===== EXERCISE DATA

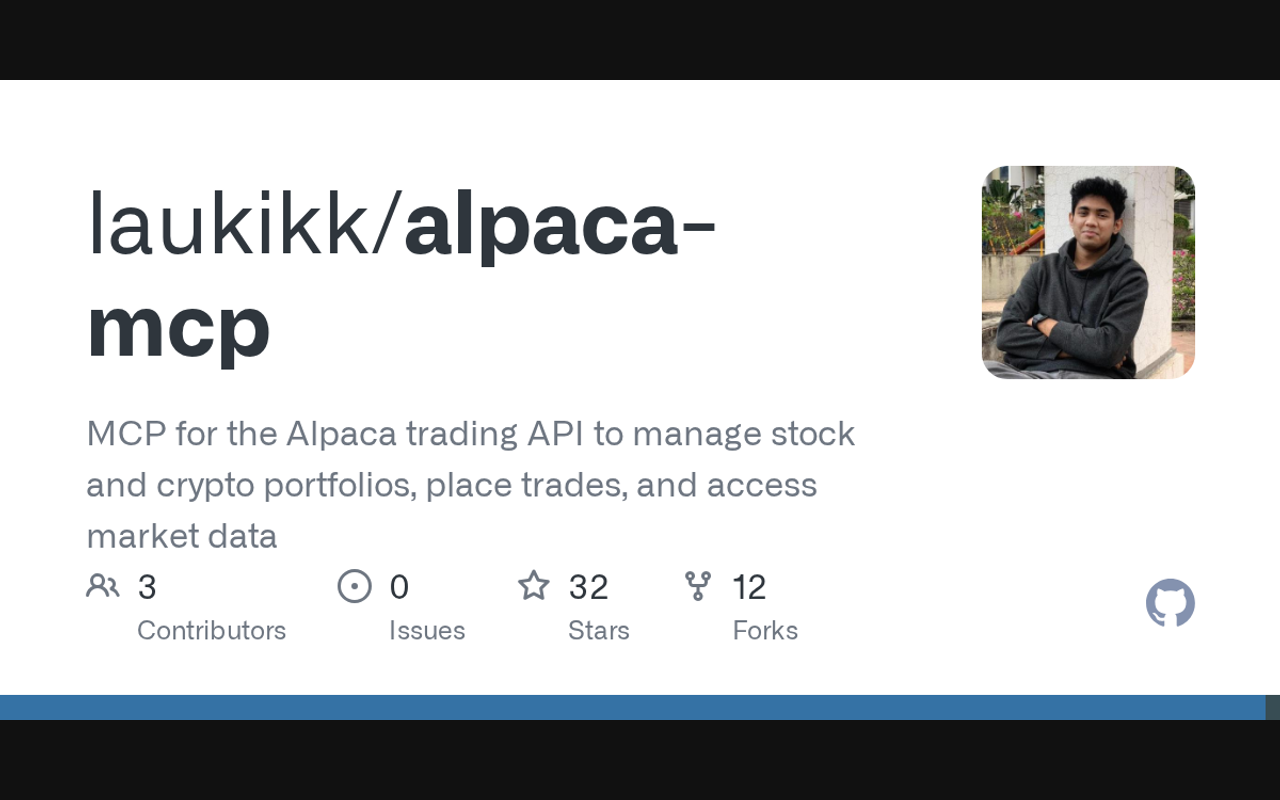 Extend Claude with laukikk alpaca mcp capabilitiesIntegrate external data into AI conversationsAutomate workflows combining Claude with specialized servicesBuild custom AI-powered development tools
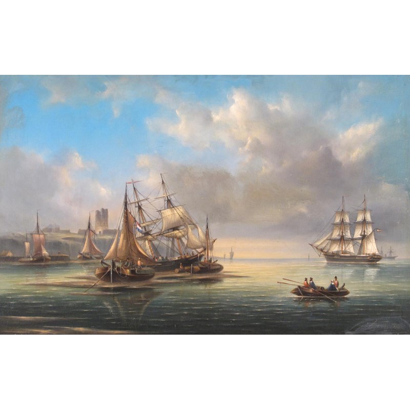Govert Van Emerick (Dutch 1808-1882) Dutch shipping in a harbour Signed Oil on canvas 62 x 96cm;...
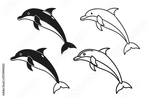 © MD, Naklejka premium Minimal dolphin outline icon set for creative projects
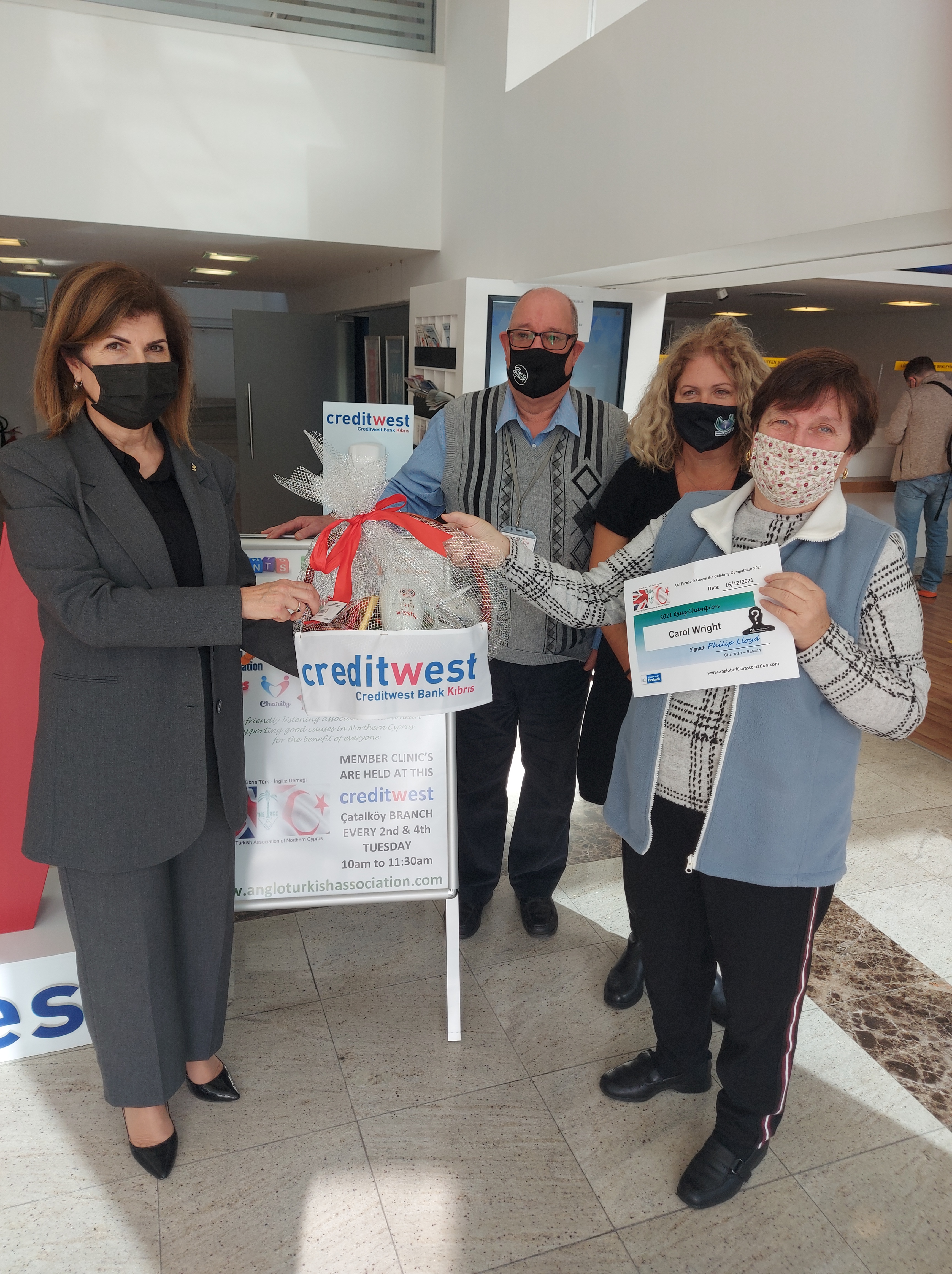 DECEMBER 2021 Overall Year End prize winner (person with the most correct guesses during the year) is: – Carol Wright seen here receiving her prize and certificate from Figen Kaymack of the competition sponsors Creditwest Bank along with the association chairman and Joanne Hickey (also of Creditwest Bank)
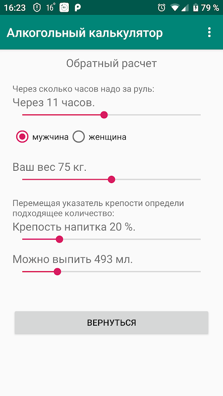 警告!計算由您自己承擔風險和風險。計算結果不能作為法庭證據,作為法律和其他訴訟的依據,可用作證據,以及質疑實驗室測定血液和尿液中乙醇濃度的結果。
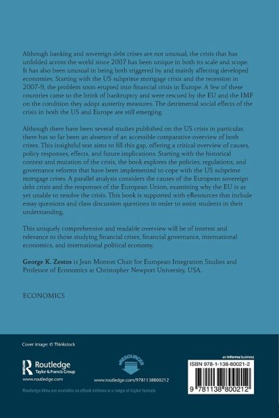 Although banking and sovereign debt crises are not unusual, the crisis that has unfolded across the world since 2007 has been unique in both its scale and scope. It has also been unusual in being both triggered by, and mainly affecting, developed economies. Starting with the US subprime mortgage crisis, and the recession in 2007-2009, the problem soon erupted into financial crisis in Europe. A few of these countries came to the brink of bankruptcy, and were rescued by the EU and the IMF on the condition they adopt austerity measures. The detrimental social effects of the crisis in both the US and Europe are still emerging. Although there have been several studies published on the US crisis in particular, there has so far been an absence of an accessible comparative overview of both crises. This insightful text aims to fill this gap, offering a critical overview of causes, policy responses, effects and future implications. Starting with the historical context and mutation of the crisis, the book explores the policies, regulations, and governance reforms that have been implemented to cope with the US subprime mortgage crisis. A parallel analysis considers the causes of the European sovereign debt crisis and the responses of the European Union (EU), examining why the EU is as yet unable to resolve the crisis. This book is supported with eResources that include essay questions and class discussion questions in order to assist students in their understanding. This uniquely comprehensive and readable overview will be of interest and relevance to those studying financial crises, financial governance, international economics and international political economy.
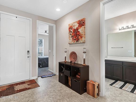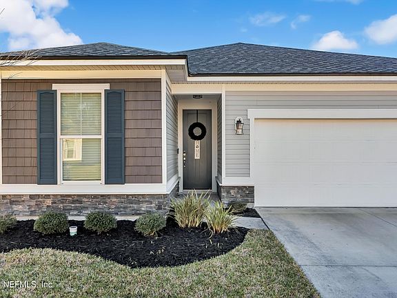 Welcome to this beautiful, like-new 4-bedroom, 2-bath home featuring a split bedroom floor plan for added privacy and functionality. Open concept with the kitchen opening to the living & dining rooms. The stylish kitchen includes espresso cabinets, stainless steel appliances, an island(great for baking with the family), glass backsplash, granite countertops and 2 walk in pantry closets, perfect for cooking and entertaining. Recessed lighting throughout enhances the home's modern feel. The primary suite includes a generously sized walk-in closet, providing ample storage space. Walk in shower with raised dual sinks. Sliding doors lead to a covered patio with an extended surface, making it an ideal spot for grilling, outdoor dining, or relaxing. Conveniently located just minutes from Oakleaf Town Center, you'll have easy access to shopping, dining, and entertainment. Don't miss this opportunity to have move-in-ready home with all the right features! Schedule your showing today!
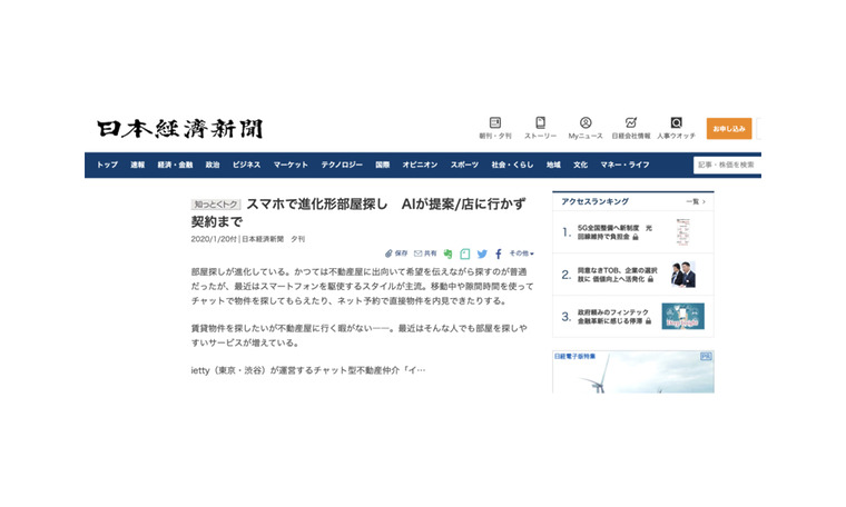 日本経済新聞|『スマホで進化形部屋探し AIが提案/店に行かず契約まで』

==========

TASK TO CARRY OUT: Within the listing above, extract exactly the lines that run from the one containing "for creative projects" through the one containing "警告!計算由您自己承擔風險和", excluding any pictures.

ANSWER AREA:
 © MD, Naklejka premium Minimal dolphin outline icon set for creative projects
 DECEMBER 2021 Overall Year End prize winner (person with the most correct guesses during the year) is: – Carol Wright seen here receiving her prize and certificate from Figen Kaymack of the competition sponsors Creditwest Bank along with the association chairman and Joanne Hickey (also of Creditwest Bank)
 警告!計算由您自己承擔風險和風險。計算結果不能作為法庭證據,作為法律和其他訴訟的依據,可用作證據,以及質疑實驗室測定血液和尿液中乙醇濃度的結果。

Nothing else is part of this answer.